Among the five critical parameters affecting the performance of databases, workload, throughput, resources, optimization, and contention are at the heart of this course. It will equip participants with all the abilities they need to evaluate and troubleshoot database systems and perform optimization by taking these parameters into consideration. BI professionals who want to make their data infrastructure more efficient and responsive need to understand how these components work together.
Learning Outcomes:
- Explore the various ways in which one can build an ETL process that will be efficient and fit the organizational stakeholders’ needs.
- Understand different data storage and extraction processes and tools (for example Extract: Stitch/Segment/Fivetran, Transform: DBT/Airflow/Looker).

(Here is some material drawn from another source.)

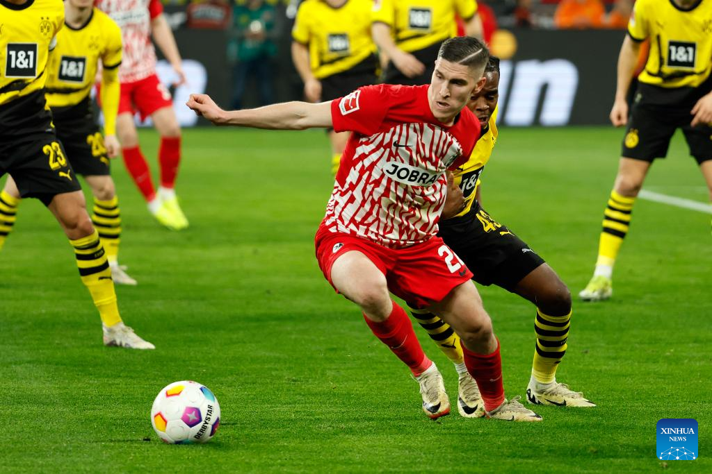 Roland Sallai (L) of Freiburg competes during the first division of Bundesliga match between Borussia Dortmund and Freiburg in Dortmund, Germany, on Feb. 9, 2024. (Photo by Joachim Bywaletz/Xinhua)

- Explain the process optimization while creating new tables.
- Identify places where new tables can be introduced in the data pipeline.
- Understand the varied aspects of different databases, for example OLAP vs. OLTP, columnar vs. relational, and distributed vs. single-homed databases.

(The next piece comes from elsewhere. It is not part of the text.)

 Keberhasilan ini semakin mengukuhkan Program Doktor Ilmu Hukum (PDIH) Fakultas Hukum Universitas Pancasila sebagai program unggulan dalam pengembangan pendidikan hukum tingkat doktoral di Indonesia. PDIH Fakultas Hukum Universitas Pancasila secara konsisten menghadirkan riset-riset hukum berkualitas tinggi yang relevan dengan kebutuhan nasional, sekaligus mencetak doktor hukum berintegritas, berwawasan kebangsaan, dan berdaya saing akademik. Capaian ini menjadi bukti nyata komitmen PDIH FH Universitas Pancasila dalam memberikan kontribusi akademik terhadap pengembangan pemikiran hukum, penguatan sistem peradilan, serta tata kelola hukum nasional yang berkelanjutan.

- Understand database performance and optimization.
- Understand the five determinants of database performance: workload, throughput, resources, optimization, and contention.
Pipe by doing:
PRACTICE QUIZ: DATABASE PERFORMANCE
1. Fill in the blank: A data mart is a _____ database that can be a subset of a larger data warehouse. This means it is a convenient way to access the data pertaining to specific areas or departments of a business.
- Specialized
- Categorical
- Subject-oriented (CORRECT)
- Departmental
Correct: It is a subject-oriented database that is derived from a larger data warehouse. A data mart provides concentrated access to data for specific departments or business areas, letting teams retrieve and analyze that information easily without needing to navigate through the whole data warehouse.

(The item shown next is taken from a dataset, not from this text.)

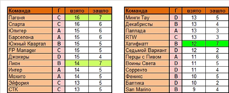 Заход «5» подкосил многих участников тура, никто этот вариант в прогноз не включал, самым популярным пунктом был «6», встречались и «4-ки». Однако, смею предположить, что CSKA из Барселоны допускал сложившийся сюжет, он использовал комбинацию 2-6-9 и не брал «11». Его партнёр MrGrigg182, тоже ставивший «2»,  заряжал в целом на нулевой 1-ый тайм; Ватель из Лиона взял 2-6-8, правда без «11», и, видимо, также склонялся к  повышению активности после перерыва. Хотя присутствие «39» намекает на некую реакцию на события 1-ой половины, и как раз замена произошла, Фейеноорду нужно было форсировать игру. В итоге Ватель при потере 6-8 накрыл всё остальное (2-14-29-34-39). 5 УВ выбил он, CSKA и vovan_t из Мохито. CSKA к сценарной комбинации 2-9-14-29 добавил "38", а вот с карточками ошибся, ждал "35"; vovan_t обошёлся без генерального исхода, сработали 9-14-29-34-39. Возможно, кто-то подумает, не совершил ли опечатку, написав "38", но это не так: в МДП сыграли 2 варианта заменной секции и оба они активно использовались. "39" чаще, конечно, фиксировался, но и "38" рассматривали 9 команд. Балтика, например, загрузила на него 4 линиями, а у Сан-Марино и Хатифнатта произошёл масштабный размен "38-ых", по два открытых. "Хатти" при этом и про "39" не забыли, а задействовать оба варианта отважились совсем немногие: Лион, Минги Тау, Перцы с Пивом, отчасти Южный Квартал (у "южан" оба были единичными). Тренер Перцев Dyadya Vitya рискнул включить оба в один прогноз, и этот манёвр полностью оправдался.

2. A business intelligence team manager wants to support their team’s ability to perform at a high level. They investigate the overall capability of their company’s database hardware and software tools to enable the team to process stakeholder requests. In this situation, which of the factors of database performance do they consider?
- Workload
- Resources
- Throughput (CORRECT)
- Optimization
Correct: Throughput relates to the total through-put of hardware and software in the database for supporting request processing. Throughput reflects the extent to which the system can handle data over a period of time, thereby indicating how effectively operations or queries are processed by the database in parallel.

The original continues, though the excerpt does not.